## Exercise prompt
Copy exactly the lines from the line holding "The addition of" through the end of the material, and no others; pictures stay out.

## Data section
:::::

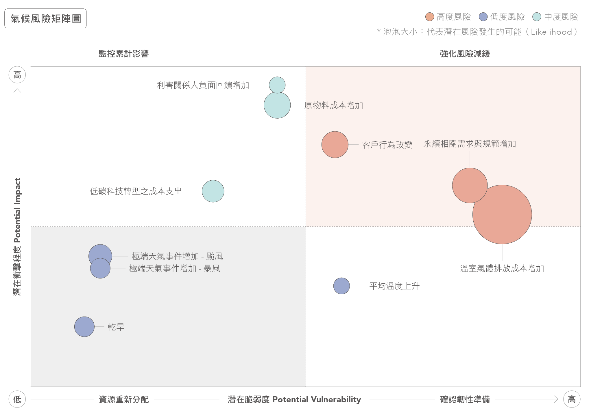 台半密切關注氣候變遷可能帶來的風險與商業機會,依循臺灣證券交易所「上市公司編製與申報永續報告書作業辦法」並參考TCFD(Task Force on Climate-related Financial Disclosures) 氣候相關財務揭露建議,透明揭露氣候相關風險及機會之管理與因應措施。台半的氣候風險與機會管理機制與公司風險管理流程相互整合,透過「治理、策略、風險管理、指標與目標」四大方向,持續推動低碳轉型,並強化公司因應氣候變遷的韌性。
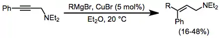 The addition of Grignard reagents to alkynes is facilitated by a catalytic amount of copper halide. Transmetalation to copper and carbocupration are followed by transmetalation of the product alkene back to magnesium. The addition is syn unless a coordinating group is nearby in the substrate, in which case the addition becomes anti and yields improve.[16]
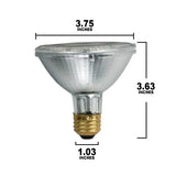 75 watts 120 volts PAR30 E26 base Flood 30 degree Halogen Light Bulb Philips Halogen PAR lamps will provide bright, white light across the product line and feature excellent beam qualities for accent or ambient lighting. Their optimized coil and burner design allows for clear, crisp lighting effects with excellent color rendering, making it easy to optimize the look and feel of your store and your merchandise. - Reduced maintenance and operating costs. - Create a variety of atmospheres and provide a comfortable shopping experience. - Variety of beam spreads and wattages. - Beam spread Flood, with wattage of 50. - Philips Halogen lamps last 20003500 hours rated average life. - Bright, White Light. - Optimized coil and burner design allows for clear, crisp lighting effects with excellent color rendering. - Available in 75 Watts Flood. - Ideal for retail, residential, and commercial applications. For indoor and outdoor use.

:::::

## Response for this exercise
 The addition of Grignard reagents to alkynes is facilitated by a catalytic amount of copper halide. Transmetalation to copper and carbocupration are followed by transmetalation of the product alkene back to magnesium. The addition is syn unless a coordinating group is nearby in the substrate, in which case the addition becomes anti and yields improve.[16]
 75 watts 120 volts PAR30 E26 base Flood 30 degree Halogen Light Bulb Philips Halogen PAR lamps will provide bright, white light across the product line and feature excellent beam qualities for accent or ambient lighting. Their optimized coil and burner design allows for clear, crisp lighting effects with excellent color rendering, making it easy to optimize the look and feel of your store and your merchandise. - Reduced maintenance and operating costs. - Create a variety of atmospheres and provide a comfortable shopping experience. - Variety of beam spreads and wattages. - Beam spread Flood, with wattage of 50. - Philips Halogen lamps last 20003500 hours rated average life. - Bright, White Light. - Optimized coil and burner design allows for clear, crisp lighting effects with excellent color rendering. - Available in 75 Watts Flood. - Ideal for retail, residential, and commercial applications. For indoor and outdoor use.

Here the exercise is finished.